When people think of Bangkok, the Grand Palace is one of the first places that springs to mind.

The Grand Palace has served as the official residence for the Kings of Siam since 1872, where the King, his court and the royal government were all based until 1925. Nowadays, whilst it is still used every so often for official events, it serves more as a hotspot for tourists that want a glimpse into Thai history.
The Grand Palace is somewhere I had always wanted to see but put off due to the ever increasing crowds. But after 8 months I decided enough was enough and set off, ready to embrace the place that could attract such a crowd in the first place… And I was not disappointed.
The Grand Palace is a feast for the eyes.
Beautiful architecture is found in every direction, with each construction set off with the clearest of golds that shine as bright as the creativity and craftsmanship of those who designed it.
Rather than being a single structure, the Grand Palace is home to numerous buildings, such as the halls and pavilions that are set over courtyards, and one of Thailand’s most important temples, the temple of the Emerald Buddha. It’s journey towards magnificence has grown organically by the reigning Kings each rebuilding, and adding on to, existing structures throughout the past 200 years of history, and it’ll cost you just 500฿ to see it.
The Grand Palace is a place of worship and respect, so if you’re thinking of going ensure that you are covered up. This applies for both men and woman. Chests, shoulders and legs should be covered, but don’t worry if you turn up unexpectedly, as I did, there is a stall across the street where you can rent trousers, skirts and shawls from for as little as 30฿.
Just a little advice. Beware of scammers. Despite what the internet says, there aren’t actually that many.
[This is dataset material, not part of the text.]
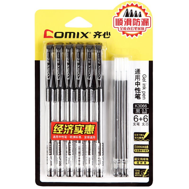 商品名称:齐心(COMIX) K3066 通用中性笔 0.5mm 6支装(6支+6芯/板) 黑
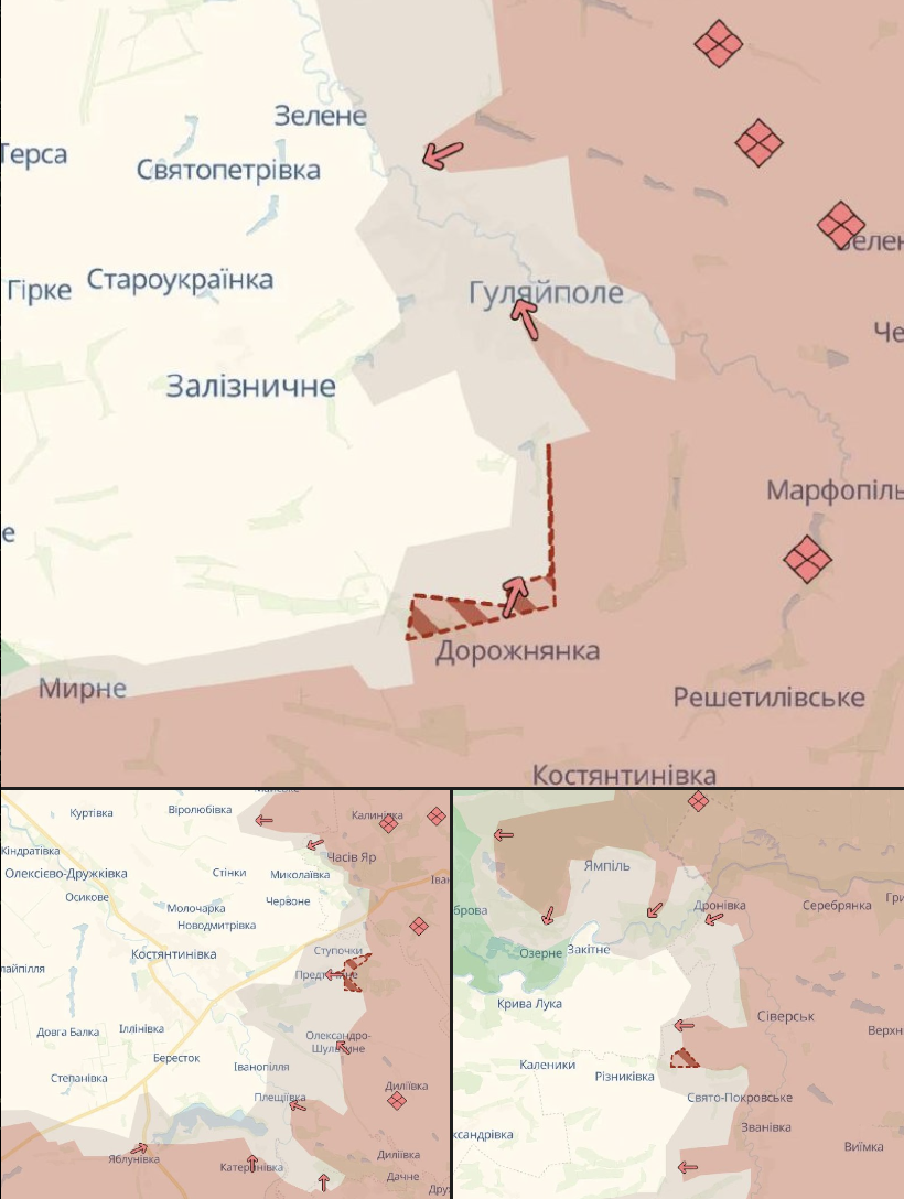 Судячи з карти паблика, "сіра зона" перейшла вже на захід від Гуляйполя до селища Залізничне.

But the Grand Palace sees heavy foot traffic from tourists on a day to day basis, and as a result it is a place where people are more prone to being taken advantage of.
The two main scams are usually some form of the following:

  •  Somebody tells you that the Palace is closed and offers to take you on a different tour instead.
    This is not true and if in doubt walk into the grounds and check with the guards.
  • Somebody approaches you and hands you food to feed the pigeons with.
    – There’s a high chance after this they will try and charge you 300฿ for the food.

If you find yourself in a situation where you think you may be in the middle of, or about to be scammed, walk away and find somebody to assist you.

The Grand Palace can be found in the Phra Nakhon district, just along the banks of the Chao Phraya river.